Reporter as inquisitor: Wapo’s Annie Linsky v. Sen. Elizabeth Warren

Last week, US Senator and presidential candidate Elizabeth Warren tried to end the controversy that has dogged her for claiming—truthfully—that she has Native American ancestors. She called Bill John Baker, principal chief of the Cherokee Nation, and apologized for taking a DNA test to support her claim.

Critics say Warren’s claim, initially based on family lore, infringed the prerogative of Native American tribes to determine their own membership. It also smacked of a clumsy attempt—unsuccessful by all accounts—to gain employment advantage from affirmative action.

The controversy delights President Donald Trump, who continually taunts Warren with the racist nickname, Pocahontas. Warren understandably wanted to lay it to rest before formally launching her presidential bid.

Unfortunately, her apology wasn’t abject enough for Washington Post political reporter Annie Linsky, who described her reaction on the Post Reports podcast.

The initial reporting was that she had apologized to [Baker] for taking the DNA test. But in subsequent followups, and this was the reason that I talked to her on Tuesday was to say, “Well what was this apology for?”

Because for me, I have followed this for so long and it just didn’t make sense to me that she would just apologize for DNA tests and not the underlying, sort of, original sin.

Original sin. In her interview with Warren, excerpts of which were played on the podcast, Linsky grilled the Senator, enumerating the various things she thought Warren should apologize for.

To each item in this bill of particulars, Warren can be heard murmuring, “yes… yes,” until Linsky concluded by asking, “So it’s a blanket apology”

“Yes.”

“OK,” the reporter concluded with a nervous laugh.

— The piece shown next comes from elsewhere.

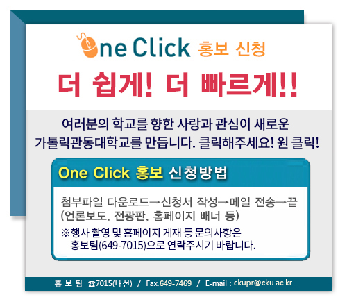fnctId=bbs,fnctNo=414 글번호 5387 [홍보팀] 원클릭홍보신청서 분류 CKU공지 수정일 2022.11.11 작성자 홍보팀 조회수 27362 등록일 2017.06.08 첨부파일 (가톨릭관동대)언론보도 신청서.hwp 바로보기 (가톨릭관동대)전광판홍보신청서.hwp 바로보기 이전글 국립국제교육원 주관, 2017년 교원해외파견사업(중국) 파견자 선발 및 추천 알림 교원지원팀 2017-06-08 00:00:00.0 다음글 2018 평창동계올림픽 VIP 의전 스탭 모집 및 인터뷰 일정 안내 국제교류처 2017-06-08 00:00:00.0 게시물 검색 검색하기 제목 작성자 분류 전체 CKU공지 비교과 현장실습 취업 장학 입학 행사 입찰 채용 국제교류 코로나19 RSS 2.0 12623건, 현재페이지: 1/1263 게시글 리스트 CKU소식 > CKU공지 목록 - 번호,제목,작성자,작성일,조회수,첨부파일 번호 제목 처리상태 작성자 작성일 조회수 첨부파일 12623 가톨릭관동대학교 계약직원 채용 공고(2024. 9. 9. / 9. 19. 임용예정) 대기 소순성 2024.08.14 5104 2 12622 2024학년도 2학기 국가시험지원센터 제3차 정규입실생 모집 공고 대기 정혜영 2024.08.14 3608 1 12621 [펄어비스] 2024 QA 인턴십 모집(~8/26(월)) 대기 취업지원팀 2024.08.13 3591 0 12620 [국립생태원] 2024년 신규직원 채용 안내 대기 취업지원팀 2024.08.13 3020 0 12619 대학일자리플러스센터 뉴스레터 꿈-Tool [No. 25] 2024년 상반기 대기 박제현 2024.08.13 2462 0 12618 [대학일자리플러스센터] C1한 얼음물을 드립니다. 대기 박제현 2024.08.13 2426 0 12617 [강원특별자치도] 면접활동비 지원사업 참여자 모집 안내 대기 유영빈 2024.08.13 2294 1 12616 [교내주차단속팀(총무팀)] 2024학년도 2학기 교내봉사장학생 선발 대기 학생장학복지팀 2024.08.12 2517 1 12615 2024학년도 2학기 교내 국가근로 장학생 모집 안내 대기 학생장학복지팀 2024.08.12 1573 4 12614 2025년 G20 Youth Summit(Y20) 참가 대표단 선발 공고 안내 대기 국제교류처 2024.08.12 2466 3 처음 11263 1 2 3 4 5 6 7 8 9 10 다음 페이지 다음 끝

On the podcast, Linksy summarized fruits of her interrogation:

She was giving a more robust, more details about this private conversation and this private apology that she made to the Cherokee. So I guess she has now, for the first time, apologized for all of it.

Well, that’s a relief. The ritualized, forced apology has now been acted out with enough granularity to satisfy the Washington political reporter who took responsibility for adjudicating its sufficiency. Linsky seems deaf to the character of coerced apologies, and the overbearing demeanor of inquisitors who extract them. It smacks of a ritual loyalty oath.

A brief check turned up no case where this Washington political reporter has pursued President Trump’s persistent use of a racist taunt to deride Warren.

Nor are we inquiring into the wisdom of Warren’s proposal for wealth taxes on the super-rich, or her focus on income inequality and lax rules for financial corporations. We aren’t even talking about Republican efforts to suppress Native American voters. Instead we’re consumed\ with whether Warren’s apology for offending Cherokee sensibilities was sufficiently detailed.

Enforcers of political correctness are always hardest on their ideological bedfellows.